Diaz started by taking some audience questions.  He is such an engaging speaker!  First of all, he's very genuine.  If you go to a Diaz event, be ready for a lot of f-bombs...but he doesn't speak that way to get a rise out of you.  You can tell he's just being himself up there.  At one point, he said that at a past event, a woman came up to him furious about the language he had used.  And that made him think about the fact that "most of us spend our lives learning to wear masks...we all wear dozens at any one time."  But "it's hard to speak through masks...and this is as close as I come to being who the hell I am in front of 200 strangers."
Diaz took a lot of questions about the writing process, his inspiration, and how his cultural background influences his status as a bestselling author.  Here's a few quotes from the evening:

On writing about personal life events:
"I do my best work when I'm ice cold...I need 20 years distance from something before I can write it."
"I like to write consequences...the fire doesn't interest me--but how does the fire change you?"

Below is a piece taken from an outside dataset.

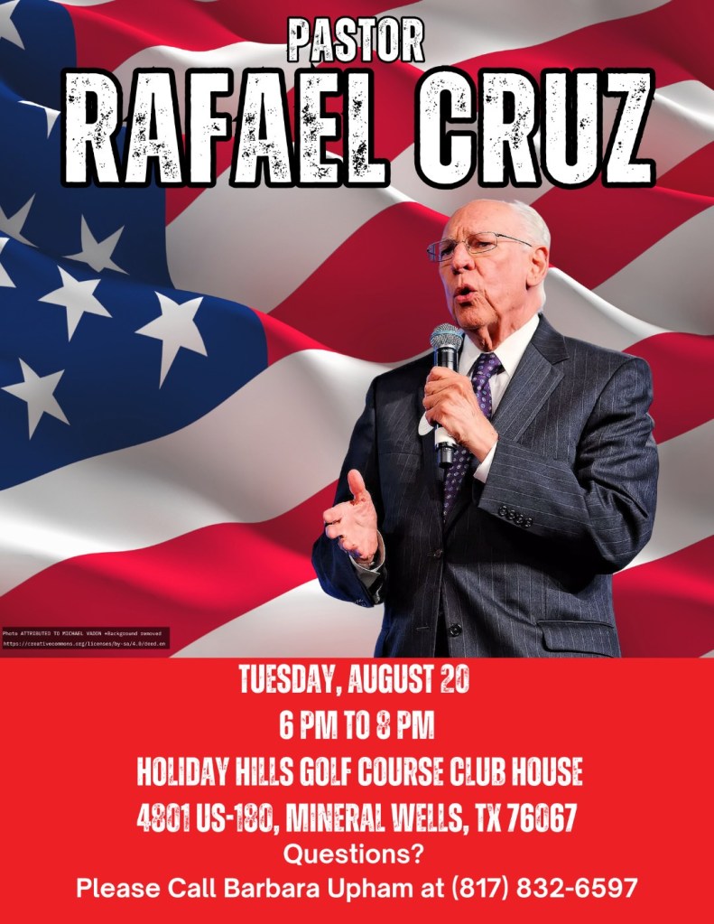 Pastor Rafael Cruz, father of Sen. Ted Cruz, will be visiting us on August 20th to speak about many of the issues facing our country. See the flyer below for more information!

On self-doubt regarding his writing career:
"The only certainty about art is doubt.  This is the greatest faith-based initiative on the earth...you need to keep your faith in a future you will never meet."
"If you want your audience to make your art, you are doomed.  When no one cares, that's when you can play."
"In a culture that wants you to dance, it takes courage to stand still."

On advice for aspiring writers:
"Writers hold out the dream that there's some shortcut to being successful...that's why there's thousands of books about it.  But they are message of consolation."
"The answer to 'how do I become X' is, you f***in' do it." (I loved this quote!)

While talking about This Is How You Lose Her:
"The pain suddenly stopped, and then I knew it was done." (It took him 16 years to complete it!)
"My definition of a full life is, do you put more love back into the world than what you take out?"

After the Q+A, Diaz moved on to the reading.  He read the chapter entitled "Alma", from This Is How You Lose Her.  By the end, I wanted to pay him to come home and read me the rest of the book.  His narration of his writing is that spectacular.  It was a short chapter, but I (and the rest of the audience) spent most of it laughing.

 
Afterwards, he did a very informal book signing (essentially stood next to the stage while everyone with a book flooded him for signatures).  He had announced earlier that he was in a huge hurry and unfortunately had to leave quickly after the event; however, while he did sign the books fast, he was also extremely gracious, giving many of the attendees hugs and handshakes before they left.  I got my copy of Oscar Wao signed...woohoo!
 
Overall, fantastic evening!  I am even more eager to read Diaz's new book now, after hearing him speak. 
 
Has anyone else been to a Junot Diaz event lately?  I know he's been all over the place promoting this book.